• PROBLEM DETAILS: Exact copies of the lines below, from the one with "Affiche Panneau de" up to and including the one with "- Season leg", are what this calls for; leave out pictures.

• SOURCE DATA:
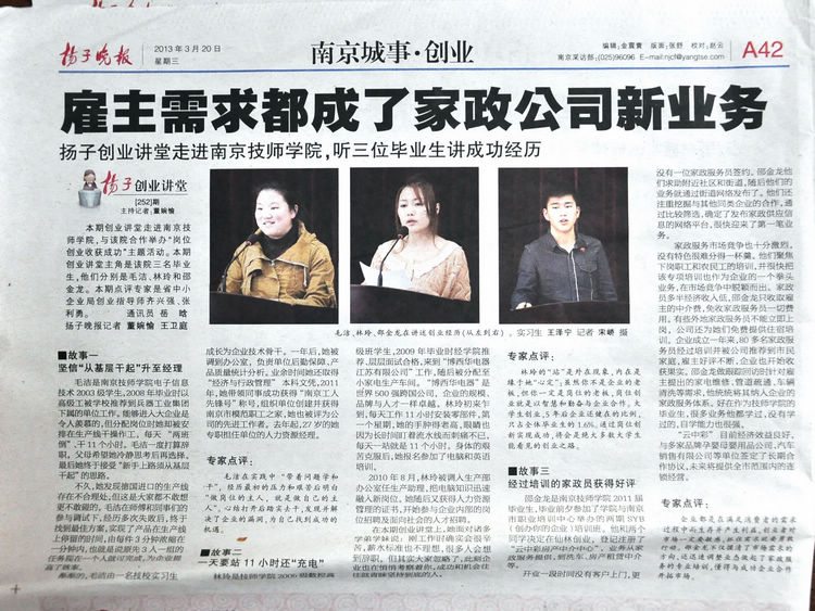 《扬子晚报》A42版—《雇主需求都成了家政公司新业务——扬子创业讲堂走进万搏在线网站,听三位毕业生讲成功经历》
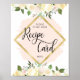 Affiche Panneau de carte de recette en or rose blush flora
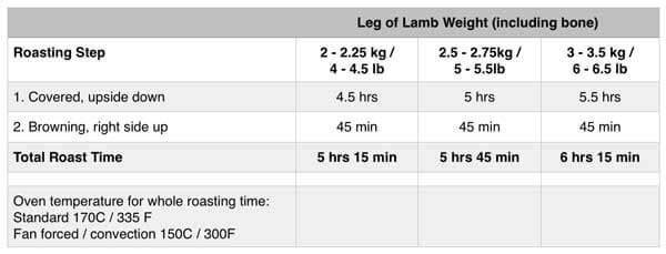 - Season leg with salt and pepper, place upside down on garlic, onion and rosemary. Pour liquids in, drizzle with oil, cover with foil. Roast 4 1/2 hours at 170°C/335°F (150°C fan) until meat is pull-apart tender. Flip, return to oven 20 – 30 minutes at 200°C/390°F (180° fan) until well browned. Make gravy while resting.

* * *

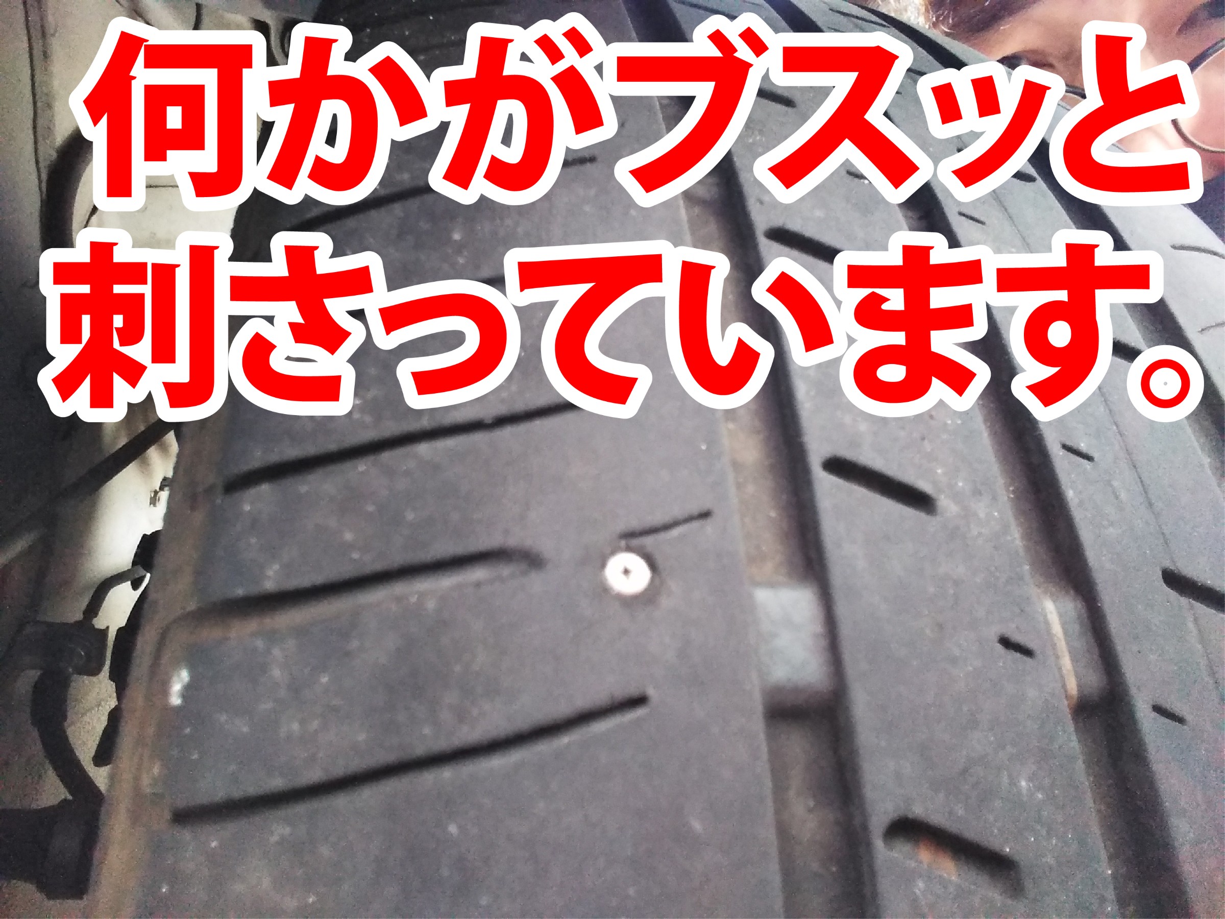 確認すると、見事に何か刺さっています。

• OUTPUT FOR THIS TASK:
 Affiche Panneau de carte de recette en or rose blush flora
 - Season leg with salt and pepper, place upside down on garlic, onion and rosemary. Pour liquids in, drizzle with oil, cover with foil. Roast 4 1/2 hours at 170°C/335°F (150°C fan) until meat is pull-apart tender. Flip, return to oven 20 – 30 minutes at 200°C/390°F (180° fan) until well browned. Make gravy while resting.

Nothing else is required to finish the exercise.